Розмари было не до смеха. Что-то в ней едва не пело от радости при виде его незадачи, находя какую-то мрачную радость, любуясь обуревающим Пелла гневом; но другая часть, более мудрая, по-прежнему сдерживала эту радость глубоко внутри, под сердцем. Она могла бы сказать ему, что зверь расценил вторгшегося к ним мужчину, как незваного гостя, чужака, захватчика; и что ему самому следовало озаботиться раньше своею одеждой, развесив как надо, а не бросая на пол. Та же часть её, что трепетала ровно подпольная мышь, жаждала тут же, вот-вот, спешно рассыпаться, заикаясь, в бормотне извинений, робко выспрашивая, а не застирать ли ей попорченное? Но нет, взамен она отворотила взгляд в сторону от его нагой плоти. Не год и не два, и не три — много больше она оставалась одна, — и одинока, но всё же не настолько, что соблазниться и возжелать его заново.
— Какого… ты здесь разревелся?! — гаркнул на Гилльяма Пелл, отчего хныканье малыша обратилось натужным завыванием. Тогда вся ярость мужчины, развернувшись, обрушилась на саму Розмари. — Заткни его! Заставь заткнуться! И разберись наконец с моей одеждой! Сделай хоть что-то!! Эта проклятая зверюга должна исчезнуть. А всё этот твой Уит: гляди, видишь, эта зараза уже совратила его, вот что!
— Розмари? Розмари!
Пелл позади ревел раз за разом её имя, но она пропустила все его крики мимо ушей. Женщина отнесла Гилльяма в сад, и они оба присели там, вместе, на груде дров для растопки, вдыхая бодрящую утренную свежесть.
— Давай поедим здесь, близ нашего садика, да? Кушай свой пирожок побыстрее, милый, пока он не остыл и не зачерствел.
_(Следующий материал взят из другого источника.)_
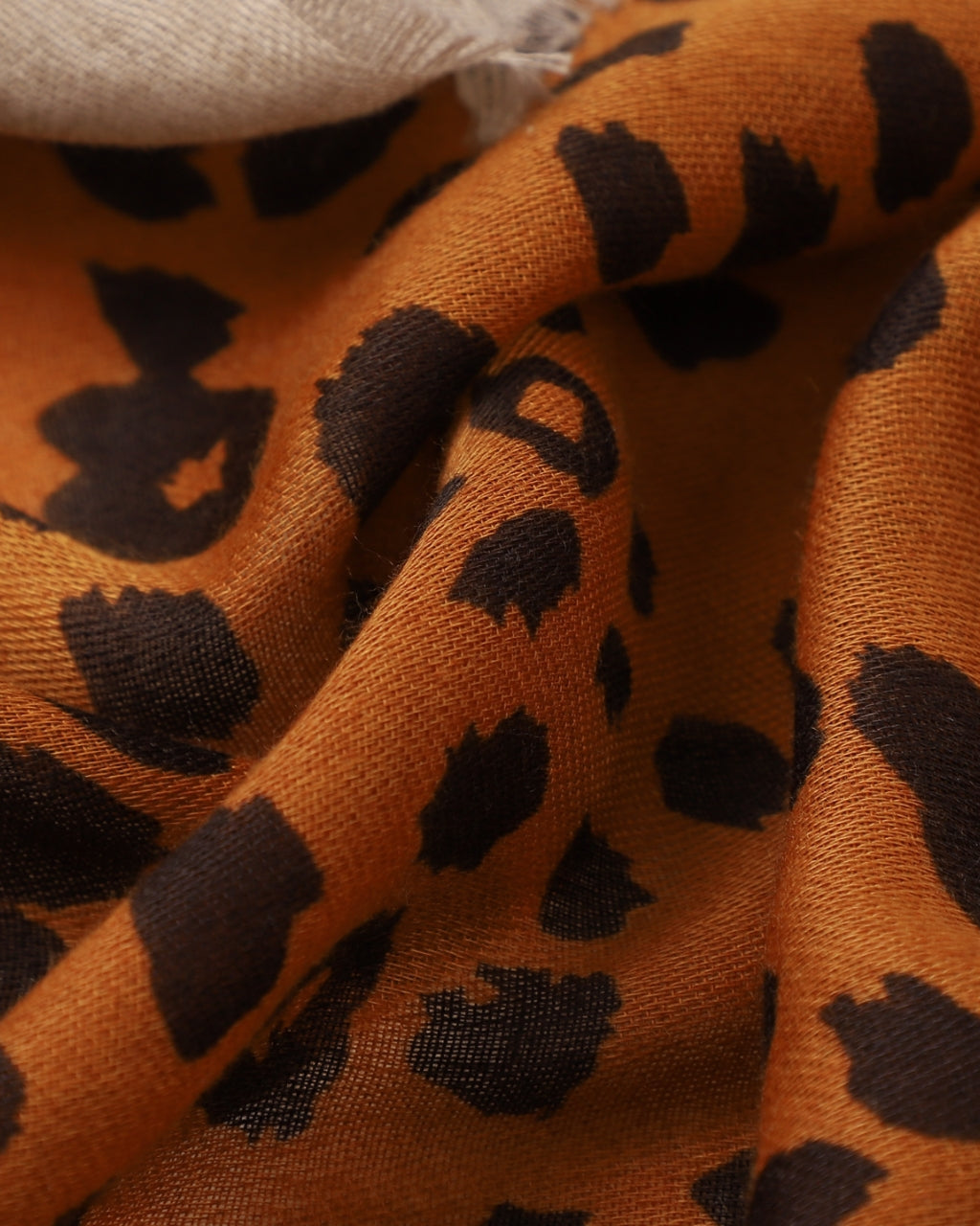 Unleash your wild side with Estelle! This bold autumn-winter scarf showcases a striking leopard pattern in black on a bronze background. Framed with a bold tan, brown and coral border and finished with softly fringed edges, Estelle is your perfect blend of fierce and fabulous. Add a pop of personality to your cool-weather wardrobe!

Пироги посерёдке не пропеклись как следует, да и порядком обжигали жаром пальцы, так что по-быстрому перекусить не удалось. Розмари черпанула парочку со сковороды и разложила на чистом срезе колоды, древесного обрубка. Торопливо подула, чтоб те слегка поостыли.
— РОЗМАРИ!
Подняв глаза, заметила голого Пелла, торчащего в дверях. Он кутался в её шерстяное одеяло, свисающее с плеч. Секундой позже перешагнул порог.
Без всякого удовольствия она уплела в один присест остатки наполовину доеденного пирога, столь редко выпадавшего им на стол. Торопливо пережёвывая и заглатывая кусок, вдохнула через широко открытый рот воздух, чтобы хоть чуть-чуть остудить пищу.
— Останешься здесь, Гилльям, и доешь остальное. Как следует. Хорошо?
Малыш всё ещё глотал слёзы, но материнское разрешение отвлекло его от человека, что пылая злостью, торчал в дверях дома. Засопев, он согласно кивнул головой и ткнул пальцем в пирог.
— Ой!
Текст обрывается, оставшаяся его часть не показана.